Striptease Importir dan Pelapak Binaan Dalam Praktik Oligopoli Masih Anjloknya Harga Singkong di Lampung

Radarlamteng.com, LAMPUNG – Petani singkong di Lampung terus mengalami tekanan harga yang menyebabkan mereka mengalami kerugian. Harga bersih per 1 kilo yang mereka terima kini sudah menyentuh di bawah Rp 500.

Surat edaran Gubernur Lampung, Rahmat Mirzani Djausal yang menetapkan harga singkong Rp 1.350 perkilo dengan rafaksi 30 persen, ternyata tidak berjalan sebagaimana mestinya.

Masih banjirnya impor tepung tapioka menjadi alasan utama tidak patuhnya pemilik pabrik terhadap surat edaran Gubernur tersebut. Kondisi ini kian diperparah permainan sebagian besar oknum pelapak yang justru memanfaatkan situasi itu.

Dan kian diperparah karena adanya praktik oligopoli dalam tata niaga singkong di Lampung.

Demikian rangkuman hasil investasi saya dan tim terkait masih anjloknya harga singkong di Lampung dalam beberapa minggu terakhir ini.

Sejumlah pabrik singkong memang ada yang seolah-olah patuh terhadap surat edaran Gubernur. Memang ada yang membeli dengan harga Rp 1.350 per 1 kilo. Namun, rafaksi terendah hanya 35. Kalaupun ada dengan rafaksi 30 persen jumlahnya bisa dihitung dengan jari. Minim sekali.

Bahkan ada yang menetapkan standar rafaksi hingga di atas 40 persen.

Masalahnya adalah pabrik membatasi pembelian per harinya dengan berbagai alasan.
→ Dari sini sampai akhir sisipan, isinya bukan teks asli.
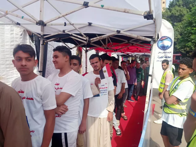 Voters' queues alongside Nation's Future Party banners at the House of Representatives elections in a Giza school, Nov. 10, 2025
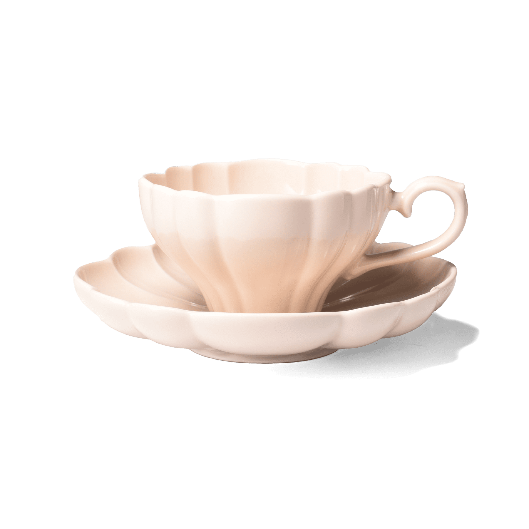 花型のカップ&ソーサーが並ぶテーブルは、まるで花束のように可憐で優雅な印象に。
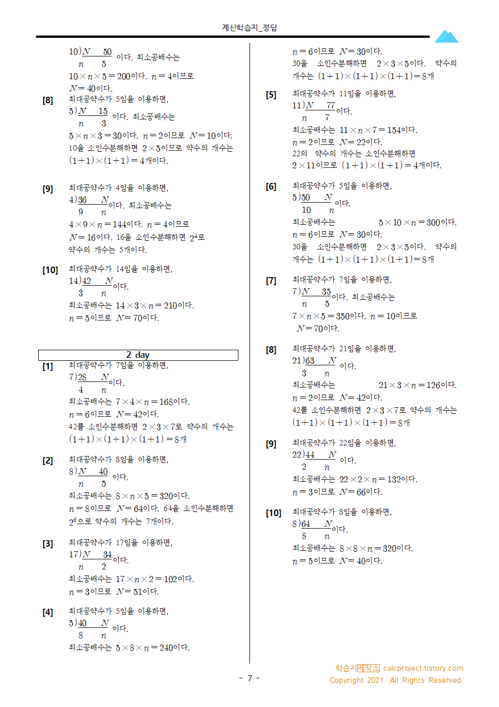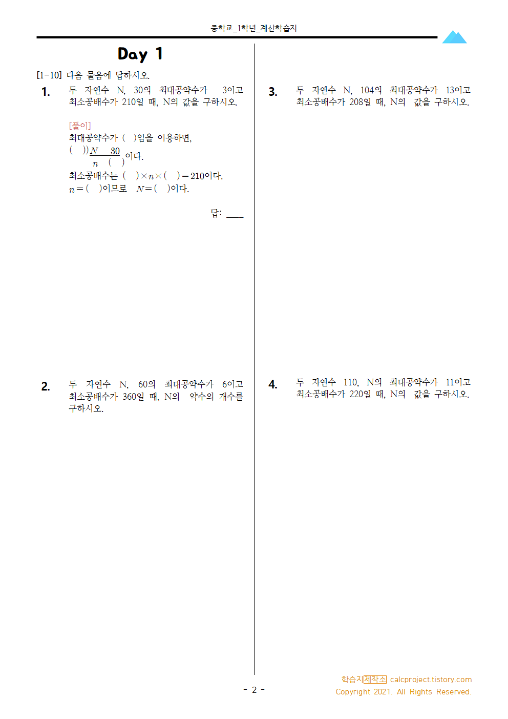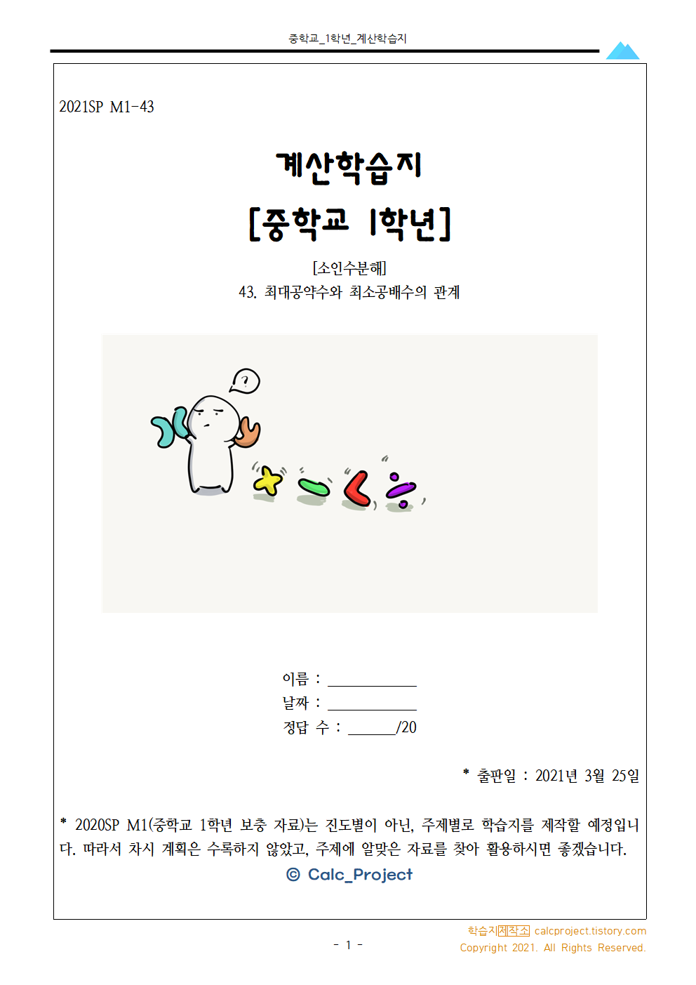 #태그 : 중1, 중학교1학년, 최대공약수, 최소공배수, 곱, 학습지, 수학학습지, 수학문제, pdf, 학습지제작소, A×B=G×L
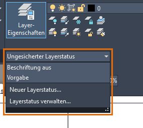 Anmerkung: Bei Verwendung der Dropdown-Liste Layerstatus in der Multifunktionsleiste können Sie den Mauszeiger über einen Layerstatusnamen bewegen, um eine Voransicht des Layerstatus anzuzeigen.
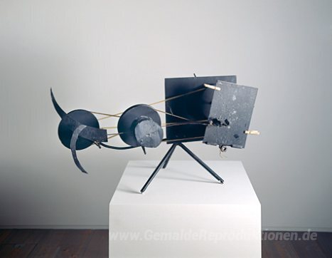 Wir bieten Ihnen eine handgefertigte Reproduktion auf Leinwand des berühmten Kunstwerks 'Meta-Matic No. 6' von Jean Tinguely, aus dem Reproduktionsmuseum.
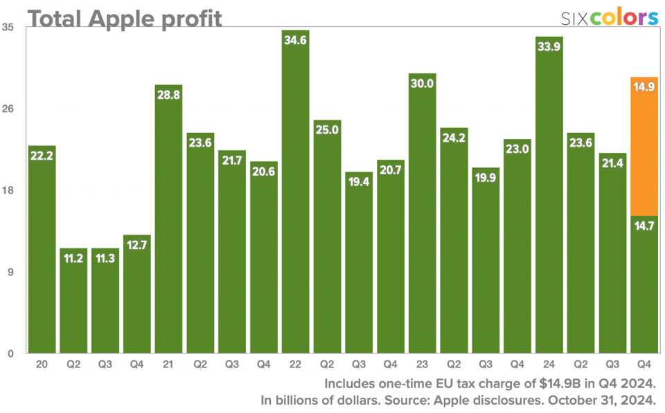 在一串令人眼花缭乱的数字中间,有一个数据相当醒目:苹果 Q4 的总利润同比下降 36%。究其原因,主要是苹果向爱尔兰政府补缴了时间跨度从 2003 年到 2014 年,约合 158 亿美元的税款。
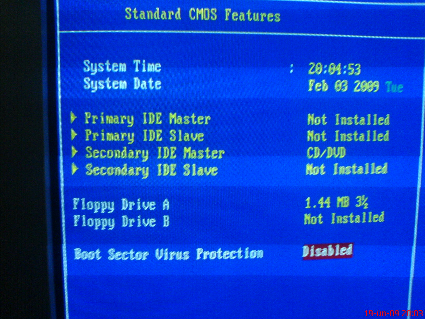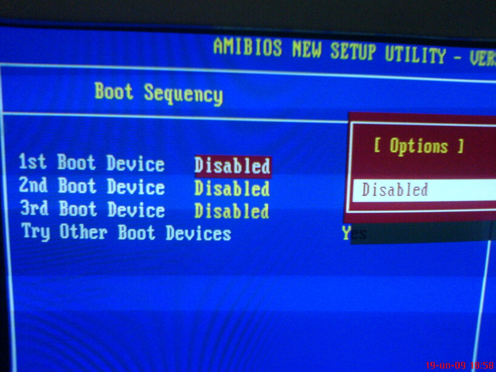 V biose (AMI BIOS) je poradi botovani ale neni tam moznost na neco to prepnout.U vsech je napsano disabled a neni tam moznost zmeny!A ani nedetekuje HD pri zapojeni CD po odpojeni ho normalne detekuje.Tak nevim?!
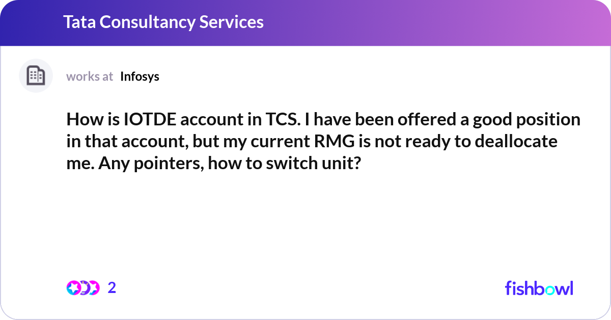 How is IOTDE account in TCS. I have been offered a... | Fishbowl
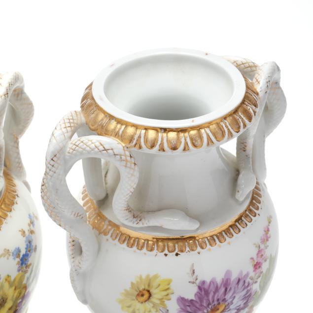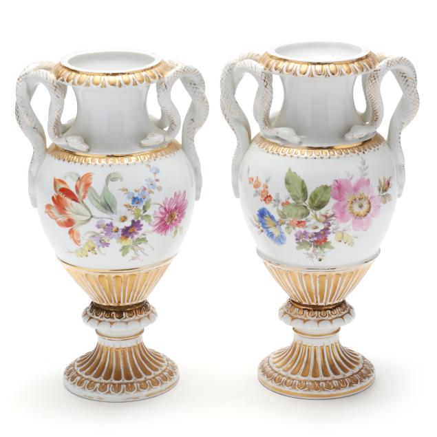 Late 19th century, having white grounds with floral sprays painted to each side, the upper shoulders support twisted snake handles, gilt accents, underglaze crossed swords on the undersides as well as impressed numbers 139 and 153.
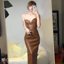 2022春夏新款PU皮棕色吊带连衣裙辣妹性感修身显瘦包臀开叉长裙潮¥59
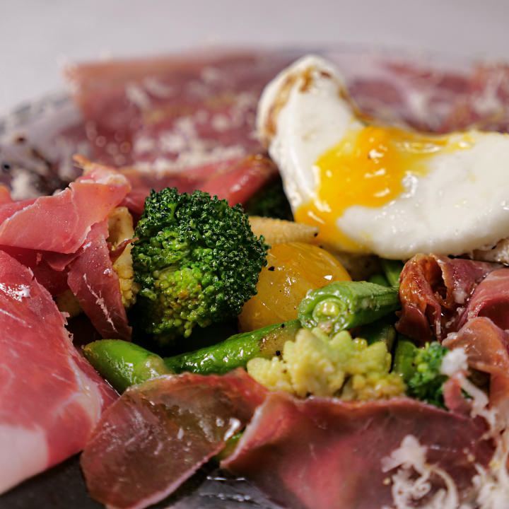 將牛肉的表面烤製後切成薄片,澆上義大利香醋醬再裝飾上蔬菜的料理。
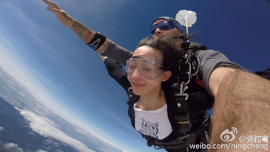 除了是陈意涵的好闺蜜,最近张钧甯因为参加《跟着贝尔去冒险》的录制,也成了大张伟一路绑定的高能老师。作为节目中耐力最好,体力最好,性格也佳的代表人物,钧钧老师平时也是个酷爱运动,经常旅行的年轻人呢~跟陈意涵不同,张钧甯的旅行打卡照是从跳跃开始的……
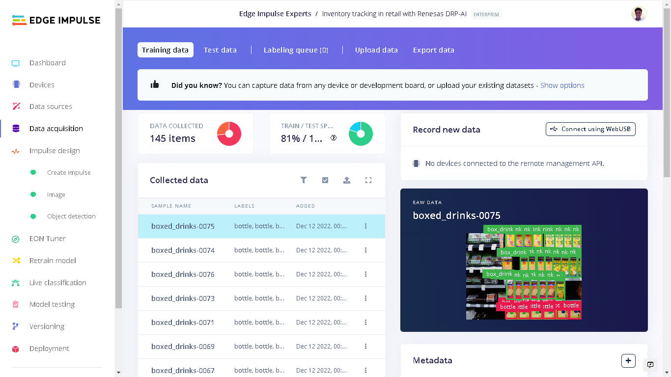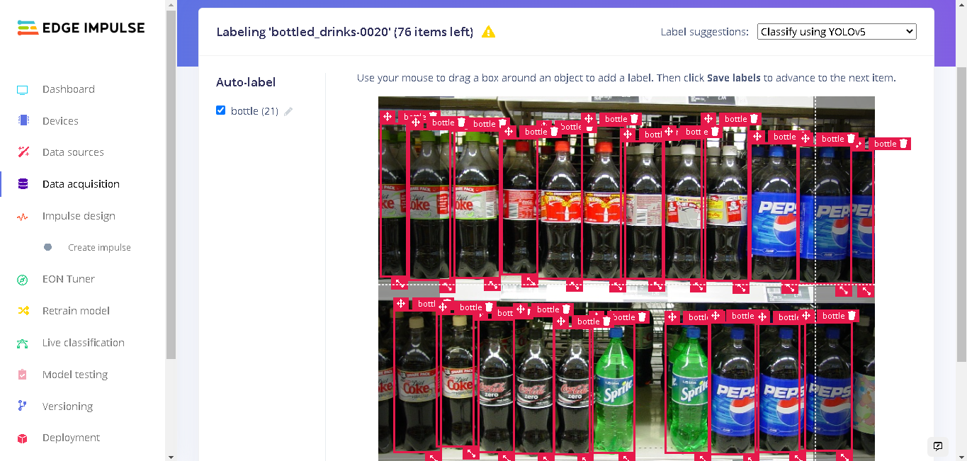 The primary method of inventory management in retail, warehouse, manufacturing, and logistics is simply counting parts or stock. This procedure ensures that the inventory on the sales floor, or in the warehouse meets requirements for production, sale, or spare capacity. In retail, this is done to ensure there are enough goods available for sale to consumers. Even with many technology advancements and improved production and capacity planning, physical inventory counting is still required in the modern world. This is a time consuming and tedious process, but machine learning and computer vision can help decrease the burden of physical inventory counting. To demonstrate the process of inventory counting, I trained a machine learning model that can identify a bottle and a box/carton drink on store shelves, and their counts are displayed in a Web application. For the object detection component, I used Edge Impulse to label my dataset, train a YOLOv5 model, and deploy it to the Renesas RZ/V2L Evaluation Board Kit. You can find the public Edge Impulse project here: Inventory Tracking in Retail with Renesas DRP-AI.Dataset Preparation
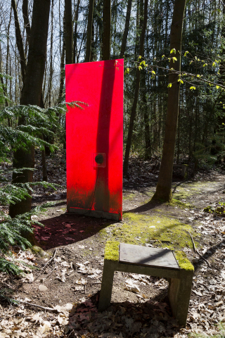 Aber hier, im Wald, wo ist das Außen und wo das Innen? Diese Scheibe besteht aus zwei dünnen Gläsern; zwischen beide wurden zwei rote und eine weiße Folie geklebt, so daß das Glas rot und opak wirkt. Das Glas ist nicht mehr durchsichtig, es bekommt ein Inneres, die Scheibe – trotz ihrer nur 1,2 cm Tiefe – wird Körper, ein roter, gläserner Körper. Aber ein Körper hier im Wald? Ein Körper, der keine Skulptur ist, der kein Objekt im herkömmlichen Sinne ist und sich – deswegen – von vielen Arbeiten im Tal unterscheidet. Die Maße dieses Körpers sind nicht überwältigend (knapp 2 Meter hoch) und die Glasscheibe wirkt anmutig leicht und trotz ihres Rots, fast schutzlos. An beide Seiten dieses Körpers, vorne und hinten, sind auf 90 cm Höhe zwei Schallwandler symmetrisch angebaut. Sie wirken wie ein Organ, ein Auge, ein Ohr oder ist es das Innere?, ein geöffneter Mund? Glas ist hart, zerbrechlich, Glas kann farbig wirken und Stimmen übertragen, Glas kann wie der Spiegel, für einen kurzen Augenblick die Welt in sich einfangen; Glas kann aber auch verletzen, Glas ist dann Kante und Messer, Schärfe und Lanze, Grenze und Wunde.
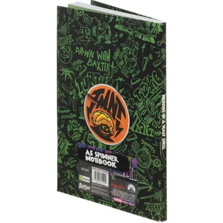 La parte trasera del cuaderno sigue el estilo gráfico con detalles en color negro y verde, mostrando mensajes y símbolos relacionados con las aventuras de las Tortugas Ninja. Sin duda, es un diseño que no pasará desapercibido.
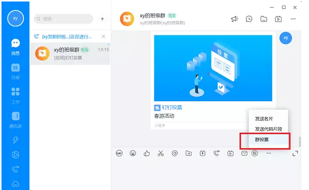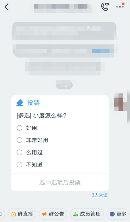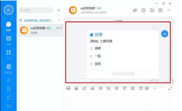 返回群聊窗口,如图,你可以看到刚才创建的投票,所有群成员都能参与进行投票。
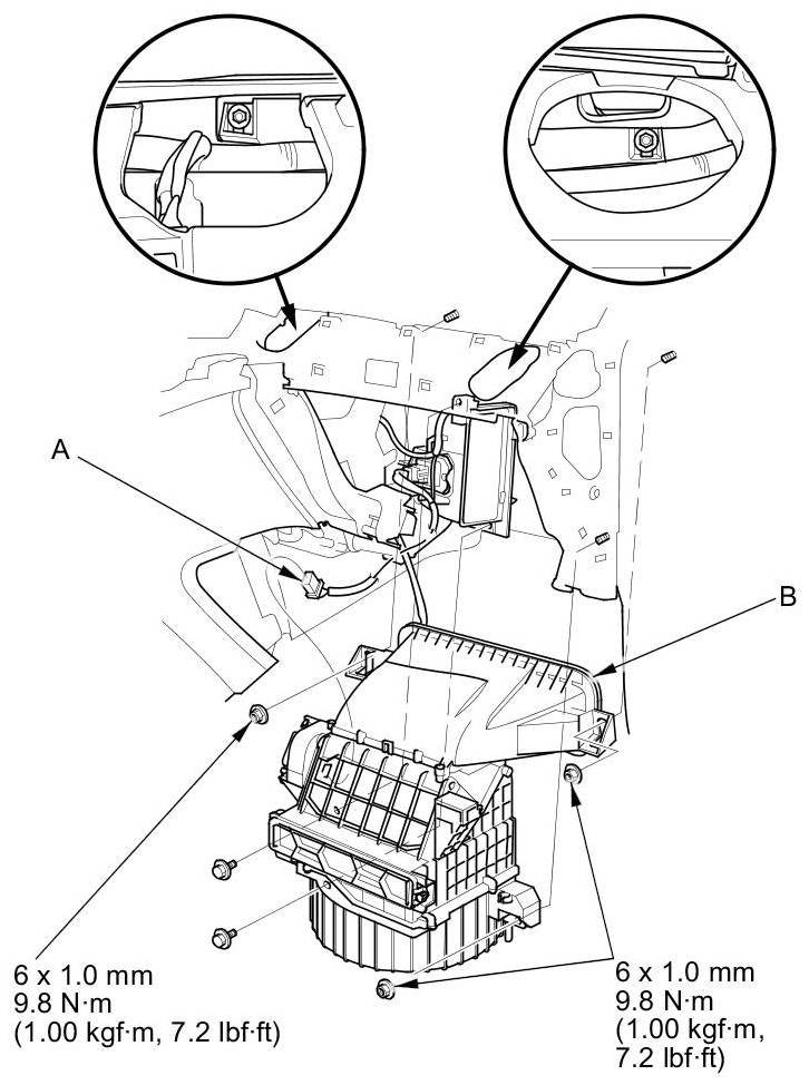 12. Disconnect the connector (A) from the recirculation control motor. Remove the self-tapping screws, the mounting nuts, and the blower unit (B).
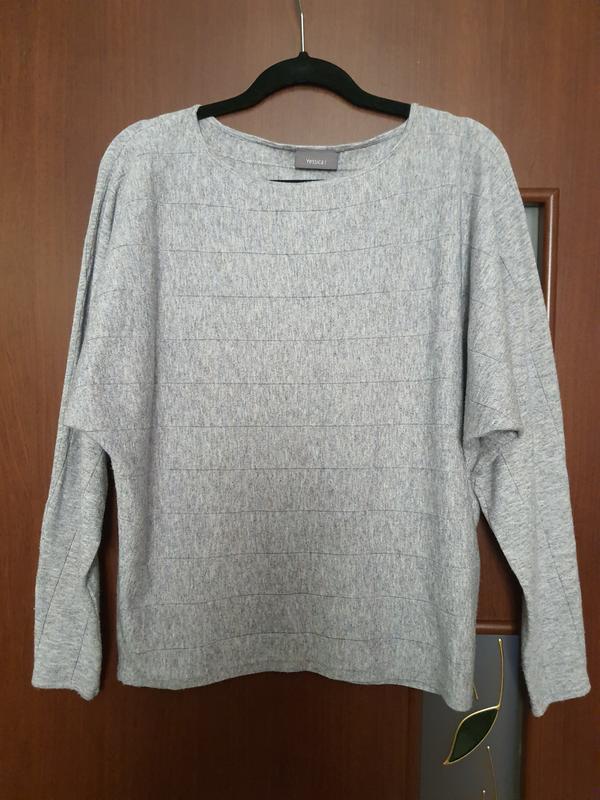 Красивый и стильный женский свитер серого цвета с рукавом летучая мышь. Заниженый прямой низ. Размер М. Состояние идеальное. Мягкий и приятный к телу. Будет сочитаться с любым образом. Замеры смотрите на фото.

Diantaranya ketidakmampuan gudang penampung dan terbatasnya produksi tepung tapioka.

Sehingga, terjadi banyak antrean truk.
Dan petani mesti menunggu hingga 2 hari sampai singkongnya dibeli pabrik.

Jika kondisi menunggu ini terjadi maka petani singkong mengalami 2 kerugian. Pertama meningkatnya biaya jasa sopir angkutan. Dan kedua, terjadinya penyusutan berat dan kualitas singkong.

Keadaan itu tentu saja tidak menguntungkan bagi petani. Sehingga petani lebih memilih menjual ke lapak lapak yang ada.

Menjual ke lapak lapak tentu dengan harga yang jauh lebih murah. Bahkan hanya dihargai maksimal Rp 1.050 dengan rafaksi rata rata hanya 33 persen.

Ironisnya berdasarkan hasil investigasi radar lampung grup, pelapak itu juga bekerjasama dengan pabrikan. Bahkan, diantaranya adalah orang orang pabrik itu sendiri.

Tujuannya tentu untuk mendapatkan harga singkong yang jauh lebih murah.

Seperti yang diungkapkan Yusuf, warga Tulang Bawang seorang pemilik 12 hektare lahan singkong.


Pada panen minggu lalu, dari 12 ha itu dia hanya mendapatkan uang lebih dari selisih biaya dan pendapatan hanya Rp 3,5 juta.
“Jadi per 1 haktate tidak sampai Rp 300 ribu. Kalau dihitung dari biaya transportasi untuk sekadar memantau kebun, rasanya saya tidak dapat apa-apa. Bahkan rugi untuk investasi selama 11 bulan,” ujar Yusuf kepada Radar Lampung.

Radar mencoba mengambil harga terbaik untuk petani, yakni Rp 1.350 perkilo dengan rafaksi 35 persen.
Maka harga yang diterima petani dari pabrik adalah Rp 877. Dikurangi biaya cabut dan transportasi Rp 210. Berarti hanya tersisa Rp 667.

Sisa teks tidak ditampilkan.